EXERCISE DETAILS ▸ Whatever lies between the line with "Μια γριά γυναίκα, Κινέζα" and the end of the data, both included, must be copied exactly and without pictures.

ENTRIES SUPPLIED ▸
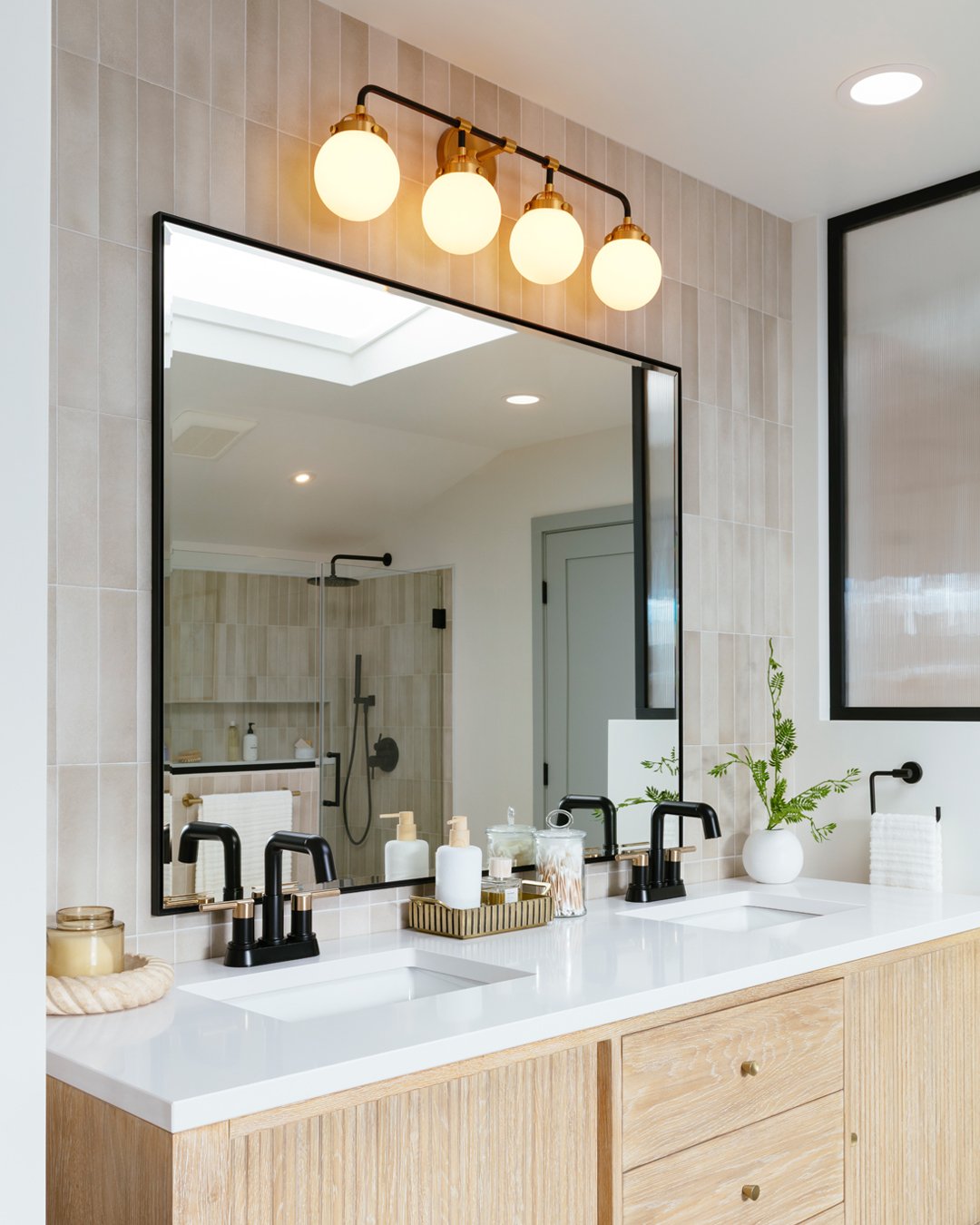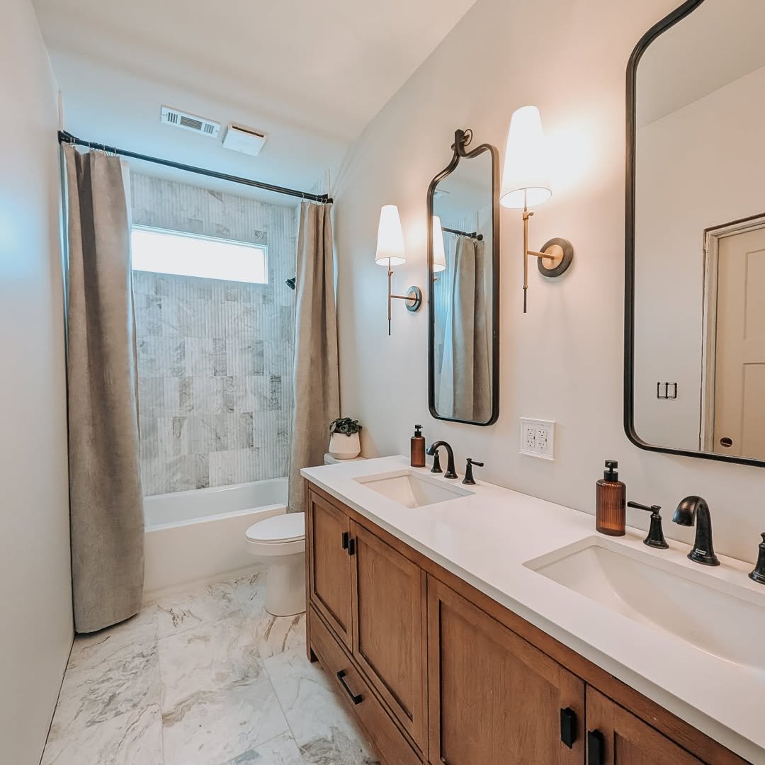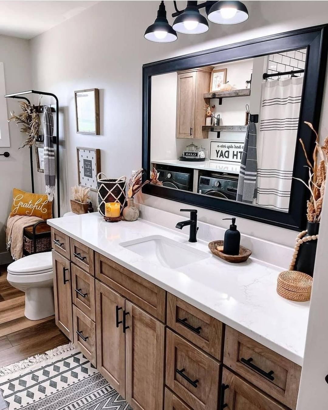 This space leans into that cozy, lived-in charm. The wood vanity, black hardware, and oversized mirror create a look that feels both practical and styled.
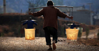 Μια γριά γυναίκα, Κινέζα κουβαλούσε νερό με δύο μεγάλα δοχεία κρεμασμένα από τους ώμους της. Το ένα δοχείο ήταν άψογο και μετέφερε πάντα όλη την ποσότητα νερού που έπαιρνε. Το άλλο είχε μια ρωγμή και στο τέλος της μακριάς διαδρομής από το ρυάκι στο σπίτι,έφθανε μισοάδειο.
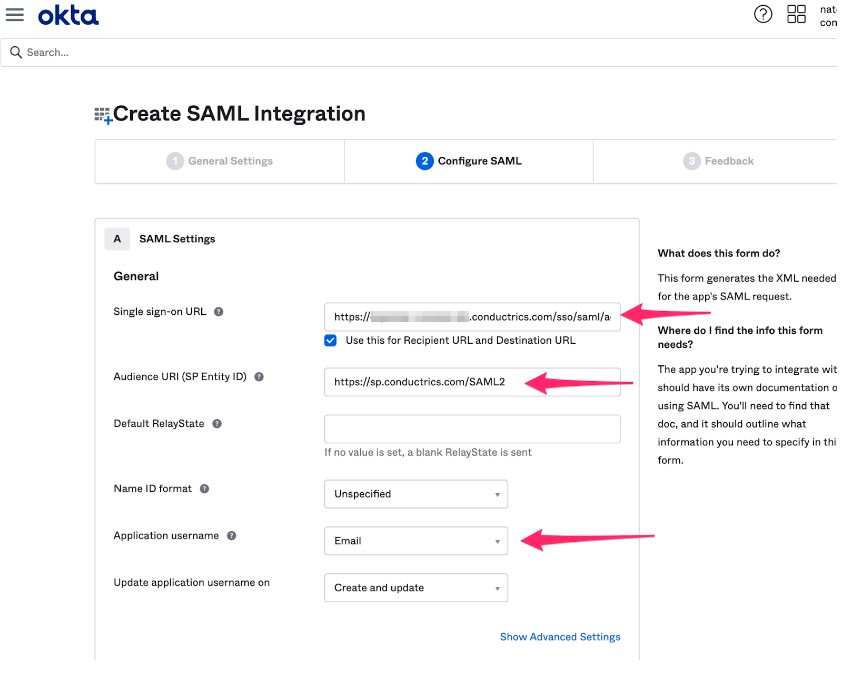 - SP Entity ID: https://sp.conductrics.com/SAML2
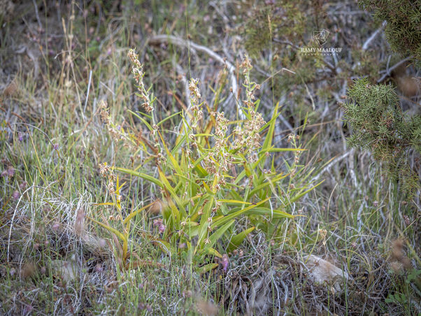 • Inflorescence & flowers: Spike 20 – 30 cm, many-flowered. Bracts leafy; flowers nodding, pedicels pubescent. Perianth brown-purple with greenish lines; lip 1 cm, hypochile narrow, epichile subtrilobed.
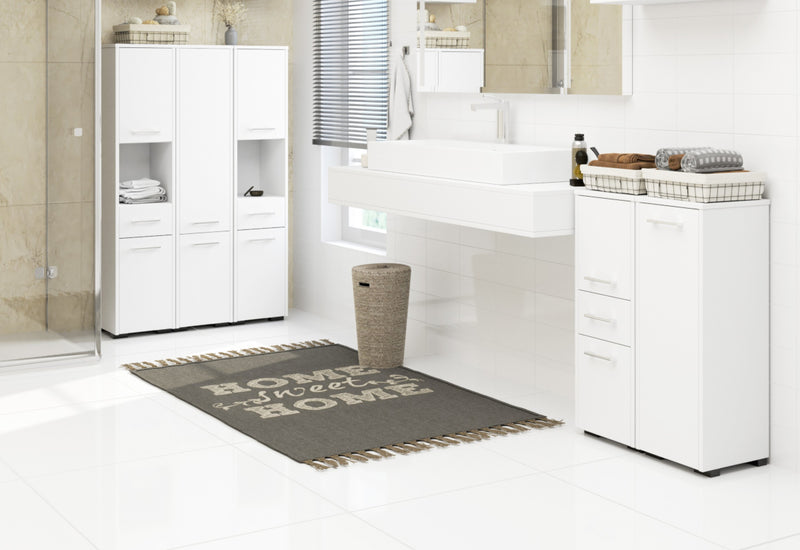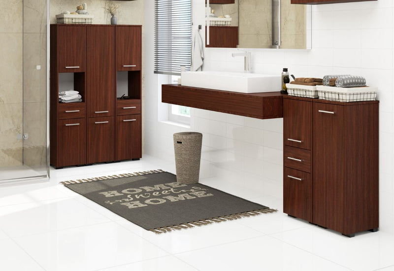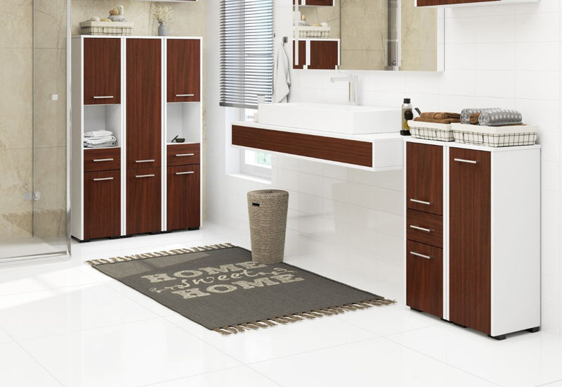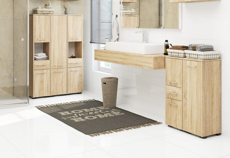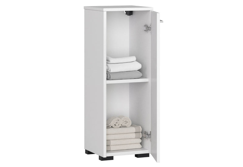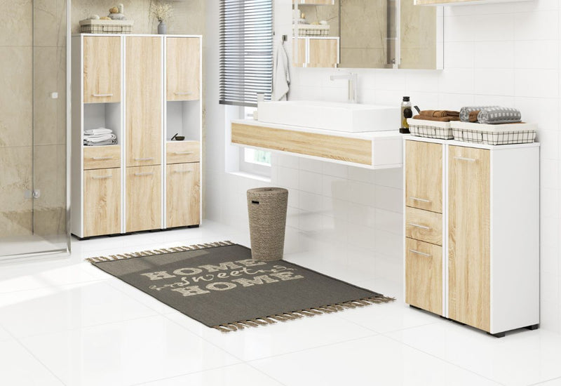Kúpeľňová skrinka SLAVIA. Moderná kúpeľňová skrinka zaujme svojim jednoduchým dizajnom. Je vyrobená z kvalitných materiálov a opatrená ABS hranou, ktorá chráni pred mechanickým poškodením a vlhkosťou. Poskytuje dostatok úložného priestoru za dvierkami, kde sa nachádza polička. Vyberajte z niekoľkých dekorov.
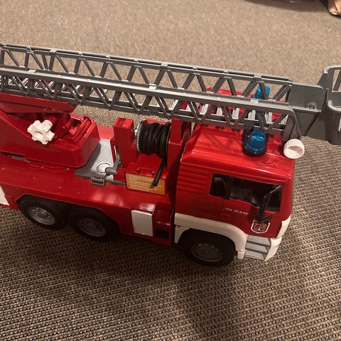 Stor ambulance fra Bruder med forskellige lyd/lys funktioner ( har fået helt nye batterier i), samt to mænd og en båre..

OUTPUT OF THE EXERCISE ▸
 Μια γριά γυναίκα, Κινέζα κουβαλούσε νερό με δύο μεγάλα δοχεία κρεμασμένα από τους ώμους της. Το ένα δοχείο ήταν άψογο και μετέφερε πάντα όλη την ποσότητα νερού που έπαιρνε. Το άλλο είχε μια ρωγμή και στο τέλος της μακριάς διαδρομής από το ρυάκι στο σπίτι,έφθανε μισοάδειο.
 - SP Entity ID: https://sp.conductrics.com/SAML2
 • Inflorescence & flowers: Spike 20 – 30 cm, many-flowered. Bracts leafy; flowers nodding, pedicels pubescent. Perianth brown-purple with greenish lines; lip 1 cm, hypochile narrow, epichile subtrilobed.
Kúpeľňová skrinka SLAVIA. Moderná kúpeľňová skrinka zaujme svojim jednoduchým dizajnom. Je vyrobená z kvalitných materiálov a opatrená ABS hranou, ktorá chráni pred mechanickým poškodením a vlhkosťou. Poskytuje dostatok úložného priestoru za dvierkami, kde sa nachádza polička. Vyberajte z niekoľkých dekorov.
 Stor ambulance fra Bruder med forskellige lyd/lys funktioner ( har fået helt nye batterier i), samt to mænd og en båre..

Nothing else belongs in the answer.